§ **Task brief**: Two lines below mark the span: the one containing "Gull stjerne bygd" and the one containing "リス ゴミ箱 H&H 30PS ペダルペール ポリ袋フック付 グレー 30L 日本製". Set down both, plus every line between, exactly as they stand, and nothing else.

§ **Supplied records**:

--*--

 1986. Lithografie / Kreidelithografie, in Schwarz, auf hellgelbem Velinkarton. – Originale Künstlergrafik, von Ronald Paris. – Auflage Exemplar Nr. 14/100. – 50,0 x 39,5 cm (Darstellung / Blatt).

--*--

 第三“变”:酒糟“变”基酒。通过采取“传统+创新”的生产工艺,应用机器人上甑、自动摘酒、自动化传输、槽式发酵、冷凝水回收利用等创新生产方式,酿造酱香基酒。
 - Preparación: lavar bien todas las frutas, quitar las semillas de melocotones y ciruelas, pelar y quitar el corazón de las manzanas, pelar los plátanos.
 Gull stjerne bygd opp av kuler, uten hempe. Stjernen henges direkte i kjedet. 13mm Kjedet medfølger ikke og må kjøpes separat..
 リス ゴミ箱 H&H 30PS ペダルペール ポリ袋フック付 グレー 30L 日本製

--*--

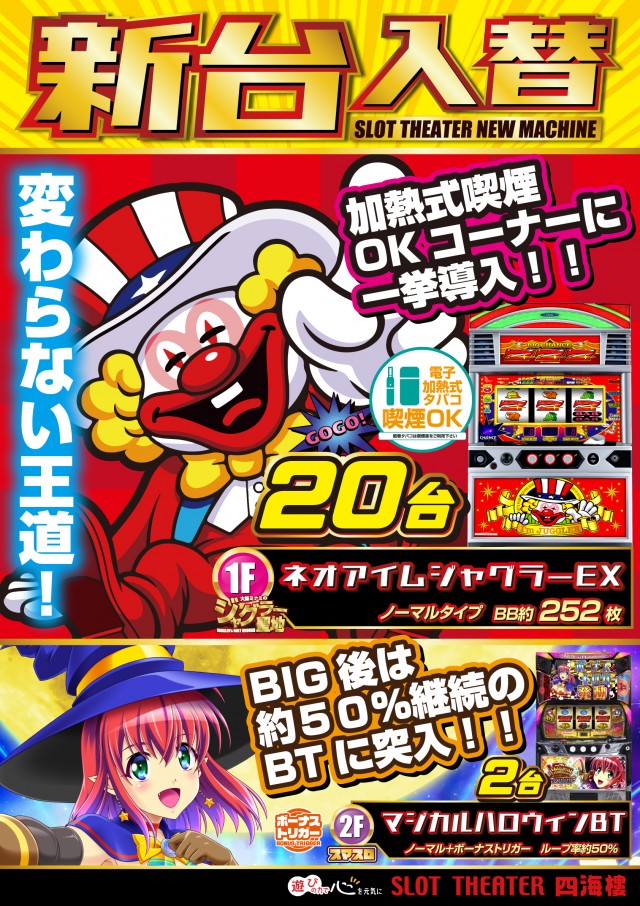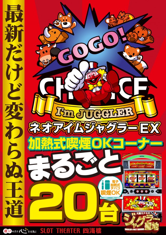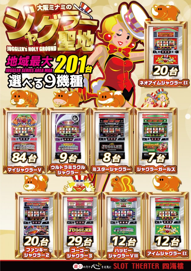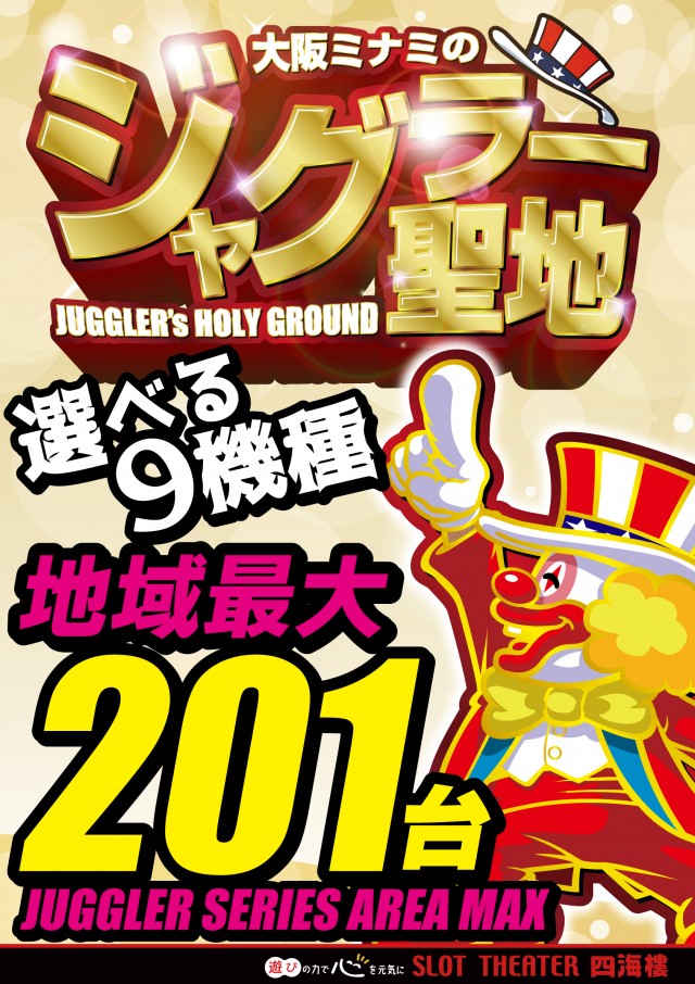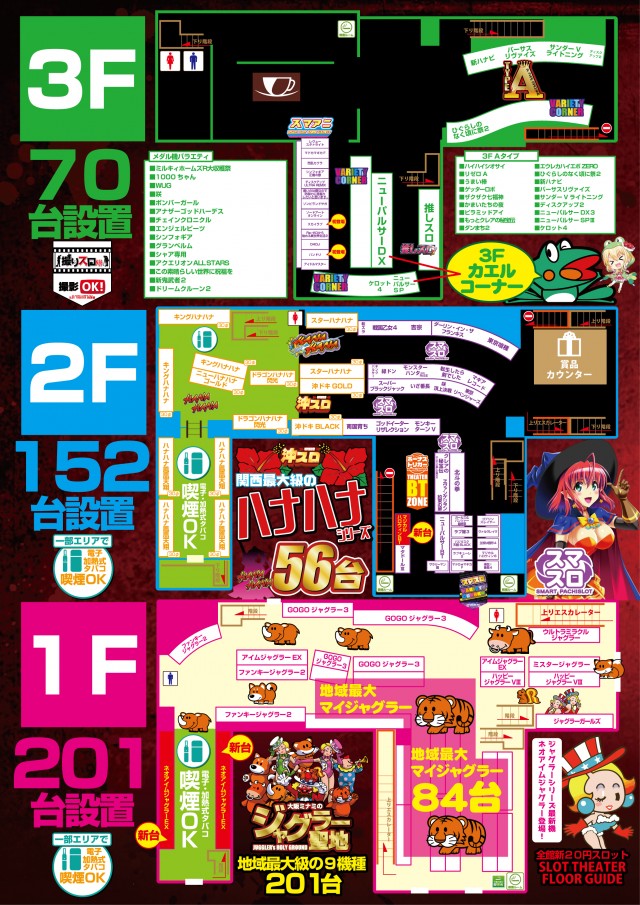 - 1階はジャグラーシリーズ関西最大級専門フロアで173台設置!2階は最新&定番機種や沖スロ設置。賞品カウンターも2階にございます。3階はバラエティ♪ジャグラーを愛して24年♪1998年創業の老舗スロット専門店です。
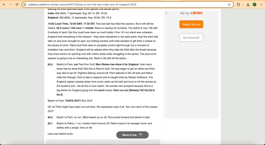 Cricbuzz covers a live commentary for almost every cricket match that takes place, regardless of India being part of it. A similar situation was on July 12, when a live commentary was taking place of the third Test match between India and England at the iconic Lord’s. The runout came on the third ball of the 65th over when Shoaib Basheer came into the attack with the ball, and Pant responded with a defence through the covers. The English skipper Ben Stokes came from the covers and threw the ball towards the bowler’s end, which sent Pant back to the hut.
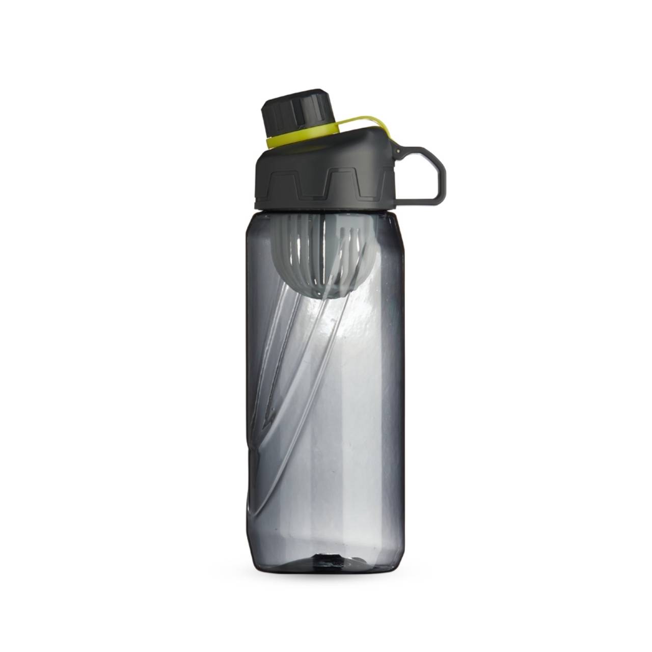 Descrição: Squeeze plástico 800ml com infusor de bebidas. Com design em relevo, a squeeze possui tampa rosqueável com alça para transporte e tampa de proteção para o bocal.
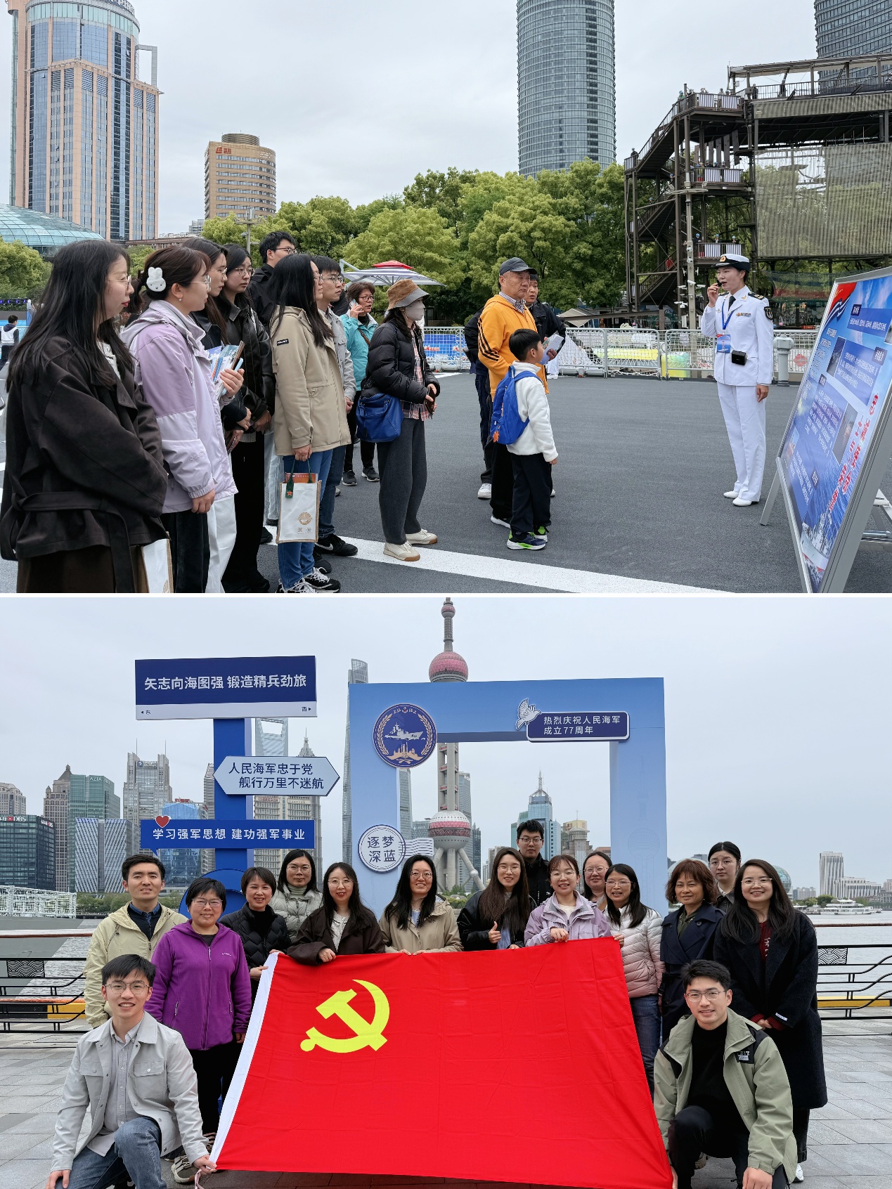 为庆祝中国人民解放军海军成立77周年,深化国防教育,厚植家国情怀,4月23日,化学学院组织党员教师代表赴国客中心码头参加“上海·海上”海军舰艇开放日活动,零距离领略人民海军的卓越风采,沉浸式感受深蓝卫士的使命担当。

--*--

§ **Result of the exercise**:
 Gull stjerne bygd opp av kuler, uten hempe. Stjernen henges direkte i kjedet. 13mm Kjedet medfølger ikke og må kjøpes separat..
 リス ゴミ箱 H&H 30PS ペダルペール ポリ袋フック付 グレー 30L 日本製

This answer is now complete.